INDEX HISTORY DIGITAL TO TEXT SOFTWARE APPLICATIONS FUTURE REFERENCES
How Analog Becomes Digital...
Analog sound is transformed into digital data by mathematics and electronics. By using hardware tools and a processor to do the calculations, the transformations take place.
When sound is created, it releases energy that is called acoustic pressure. Talking produces changes in acoustic pressure. A microphone can pick up these changes and then transmits them to a sound card in a computer. The sound card then processes them into digital data.
The Sine Wave
There are several different elements working together to make recording sound work. Sound travels through the air in a shape of a sine wave. Nyquist Theory states that any sine wave can be recreated as long as it is sampled twice per cycle. Humans can hear frequency from about 20Hz to 22,500Hz. The sampling rate from Nyquist’s Theory explains why the best digital audio is recorded at 44.1 KHz. (22.5KHz *2) Nyquist’s Plot for frequency domain works with electronic feedback circuit analysis and trigonometric knowledge. This is the basis of the mathematical calculations that the sound card’s processor uses to transform analog information into digital.

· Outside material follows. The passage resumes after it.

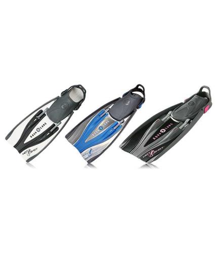 Compactness for carry-on travel. Power for a fully outfitted scuba diver. Comfort:The foot pocket is designed to be worn with bare feet! The top and sides of the foot pocket are soft against bare skin. Neoprene socks or thin-soled boots may be used for thermal protection. Unique, self-adjusting Comfo-strap is buckle free. This particular type of elastomer guarantees comfort. Mid-foot Flex Joint. The blade attaches to the sides of the foot pocket rather than at the front of the foot pocket. Prevents hyper-extension of the toes and ankles. Maximizes the transfer of power from the leg to the fin. Compact and Light Weight: Fits in carry-on luggage! Ideal with new Departure bag from Deep See. Measures only 20.9 in. / 53 cm overall length. Size regular weighs only 3.28 lbs / 1.5 kg. Geared with silicone slings (Power Bands). These pure silicone slings are loaded with energy during the power stroke, which they release prior to the upstroke. Twin-Speed Gear Shift. The silicone Power Bands form the HotShot gear system. The gear shift allows the diver to choose the best speed-to effort ratio. Divers can change gear settings while wearing the fins. The blade is made of a semi rigid customized technopolymer. The result is an excellent spring effect and flexibility to maximize thrust.The rubberized ribs are made of two different elastomeric compounds to provide the greatest elasticity. Other features: Comes in three sizes: small, regular, large/x-large. Anti-slip rubber pads on the bottom of fin keep divers safe on boat decks. Grooves along inside bottom of foot pocket prevent foot from being vacuum-sealed in foot pocket making doffing easy. Power bands are protected on the bottom to prevent contact with the ground. ***Pink color only available in sizes Small and Regular***

Fourier transform is a mathematical calculation that transforms sine waves into 3D graphs. One type of tool to look at these graphs is called a spectrogram. The spectrogram visually shows sound wave. Frequency, amplitude, phase and time are all part of the sound wave. These factors of the sound wave are much easier to watch on a spectrogram. This graph is a frequency * time graph.

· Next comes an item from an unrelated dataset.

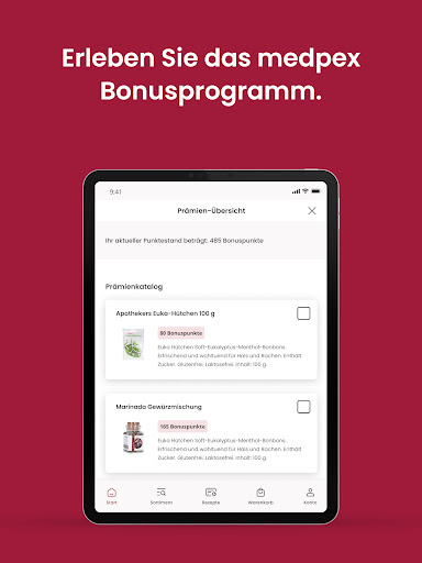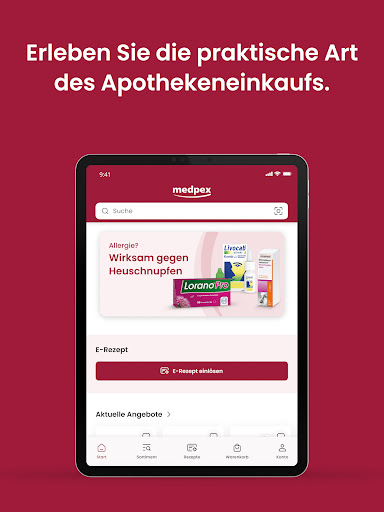 APOTHEKEN-BESTSELLER IN DER MEDPEX APP! In der medpex App kaufen Sie Medikamente, Kosmetik und Pflegeprodukte zu besonders günstigen Preisen. VORTEILE DER MEDPEX APP Bonuspunkte beim Kauf rezeptfreier Produkte sammeln und gegen tolle Prämien eintauschen Einfache Produktsuche mit Barcode-Scanner Ausführliche Beschreibungen, Anwendungsinformationen und Beipackzettel zu Medikamenten und anderen Produkten Ehrliche und hilfreiche Bewertungen anderer Kunden Praktische Merkzettelfunktion Bestellhistorie einsehen und unkompliziert Produkte nachbestellen EINFACH UND BEQUEM AM SMARTPHONE UND TABLET BESTELLEN In der medpex App finden Sie aktuelle Apotheken-Bestseller auf einen Blick. Mit Hilfe des Barcode-Scanners oder der einfachen Produktsuche können Sie mit nur wenigen Klicks, auch von unterwegs, Ihren Apothekeneinkauf schnell und einfach per App erledigen und sich bequem nach Hause liefern lassen. RIESIGE AUSWAHL AN MEDIKAMENTEN UND ARZNEIMITTELN ENTDECKEN Die medpex App bietet über 100.000 Produkte in Kategorien wie: • Kosmetik & Wellness • Vitamine & Mineralien • Urlaub & Sonne • Muskeln & Gelenke • Verdauung • Tiergesundheit • Allergie & Heuschnupfen • und vielen mehr. Auch rezeptpflichtige Medikamente können mit entsprechendem Rezept in unserem Apotheken-Versand bestellt werden. Natürlich auch ganz bequem E-Rezepte mit dem Scan der Krankenkassenkarte in der App! GRATIS ZU JEDER BESTELLUNG medpex schenkt Ihnen zu jeder Bestellung eine kostenlose Produktprobe Ihrer Wahl. Sammeln Sie zudem bei jeder Bestellung von rezeptfreien Produkten in unserem Shop Bonuspunkte und tauschen Sie diese gegen tolle Prämien! ERLEBEN SIE ANGEBOTE UND AKTIONEN Es erwarten Sie regelmäßig aktuelle Beiträge, News, Gewinnspiele und Aktionen. Sie erhalten Infos über ein exklusives Gratis-Geschenk, das bei der nächsten Bestellung rezeptfreier Produkte in der medpex App kostenlos mit in den Warenkorb gelegt werden kann. Ihr medpex App Team medpex.de - Apotheken-Versand für Medikamente, Arzneimittel & Kosmetik Kontakt: https://www.medpex.de/kontakt
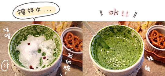 上面的臉蛋圖案真的很可愛,因為想拍他…不太敢喝抹茶的我還是點下去!

How does sound travel into the computer?
A microphone has the ability to pick up sound waves with a diaphragm. The diaphragm moves with the acoustic pressure.These very small movements from the diaphragm are measured in voltage. This voltage is then transmitted to a sound card. The sound card takes these voltages, calculates them into electronic pulses, and records them. The analog to digital signal processor handles these computations. The sound card needs to have a fast processor to capture all the peaks and troughs of the original waveform. The sound card runs independently from the computer’s main processor.

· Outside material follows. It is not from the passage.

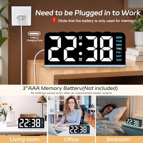 - 【وظيفة الذاكرة】تتميز ساعة منبه LED الرقمية هذه بوظيفة الذاكرة. ما عليك سوى توفير 3 بطاريات ايه ايه ايه (غير متضمنة في المنتج)، وعند إعادة توصيل الطاقة بعد انقطاع الطاقة، ستتذكر الإعدادات السابقة دون إعادة الضبط، وتجنب مشكلة إعادة الضبط بشكل فعال بعد انقطاع الطاقة.

What is quantizing your voice?
Pulse Code Modulation is the most common method of encoding (quantizing) an analog voice signal into a digital (binary) bit stream. Alex Reeves improved Nyquist’s original formula of sampling. Reeves proposed that instead of using Bell's 'voice-shaped current' that sound should be sampled at steady intervals. The values of the samples at these intervals would be represented in binary numbers and transmitted as pulses. This is commonly called Pulse Code Modulation.
Pulse Code Modulation (PCM) formula has been enhanced in the last 50 years. A more effective modulation is adaptive differential pulse-code modulation(ADPCM). ADPCM quantizes the difference in the speech signal then converts them to 4-bit samples, yielding a compression rate of 4:1. In the mid 1980’s, ADPCM was standardized. It was often called A-law PCM. Since the 1980’s then there have been several improvements and name changes to the standardization.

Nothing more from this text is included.